The runtime itself does not transparently encode response bodies; this
helper is for handlers that want to make the choice explicitly.

## Common gotchas

**"My matching test broke after upgrading to v0.30."**
Likely the parameter-honouring change. If your `Accept` clients and
your `produces` use mismatched charset/version params and you treat
those as informational, opt out with `negotiate.WithIgnoreParameters(true)`
(per call) or `Context.SetIgnoreParameters(true)` (server-wide).

**"My client request returns 415 even though the API lists my type in `consumes`."**
Check your `Content-Type` header verbatim — the client sends the picked
`consumes` entry without modification, so a stray space, missing charset,
or trailing `;` will be sent through and rejected by a strict server.

**"My server returns 400 for a missing `Content-Type` on a body request."**
It shouldn't — missing headers fall through to `application/octet-stream`
via `runtime.DefaultMime` and that produces 415, not 400. A 400 means
the header is *present and unparseable*. Check for stray characters
(unmatched parens, wildcards in parameter names, etc.).

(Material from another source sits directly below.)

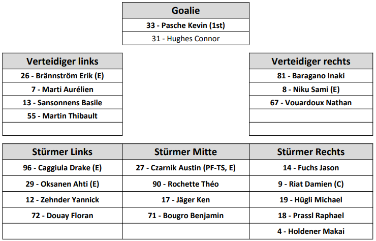Das Team von Johan Lundskog wird weiterhin regelmässig von der Verletzungshexe besucht. Im letzten Spiel traf es Capaul, welcher nun wie Pilut, Albrecht, Taibel, Hornecker, Jensen und Honka als verletzt gelistet wird. Rappi reagiert auf die Vielzahl an Ausfällen und gab diese Woche die Verpflichtung von Philippe Maillet bekannt. Der 33jährige, kanadische Stürmer stösst bis Ende Saison zu den Rosenstädtern und ist in der National League nicht unbekannt. In der Saison 2024/25 heuerte er bereits bei Ambri an. Bis zu seiner Anstellung am Zürichsee hat er sich in seiner Heimat Montréal fit gehalten. Für einen Einsatz gegen Lausanne hat es aber noch nicht gereicht. Mit Ausnahme der Absenz von Capaul treten die Lakers im Vergleich zur letzten Partie aber unverändert an.

**"How do I get the parsed `Content-Type` value in my handler?"**
Use [`runtime.ContentType(r.Header)`](https://pkg.go.dev/github.com/go-openapi/runtime#ContentType)
or the cached value at `middleware.MatchedRouteFrom(r).Consumes`.

## Reference

- Server matching primitive: `github.com/go-openapi/runtime/server-middleware/mediatype`
- Server negotiator: `github.com/go-openapi/runtime/server-middleware/negotiate`
- Server validation: `middleware/validation.go` (`validateContentType`)
- Client picker: `client/runtime.go` (`pickConsumesMediaType`)
the remaining client-side work
- RFC 7231 §3.1.1 (media type), §5.3.1 (q-values), §5.3.2 (Accept).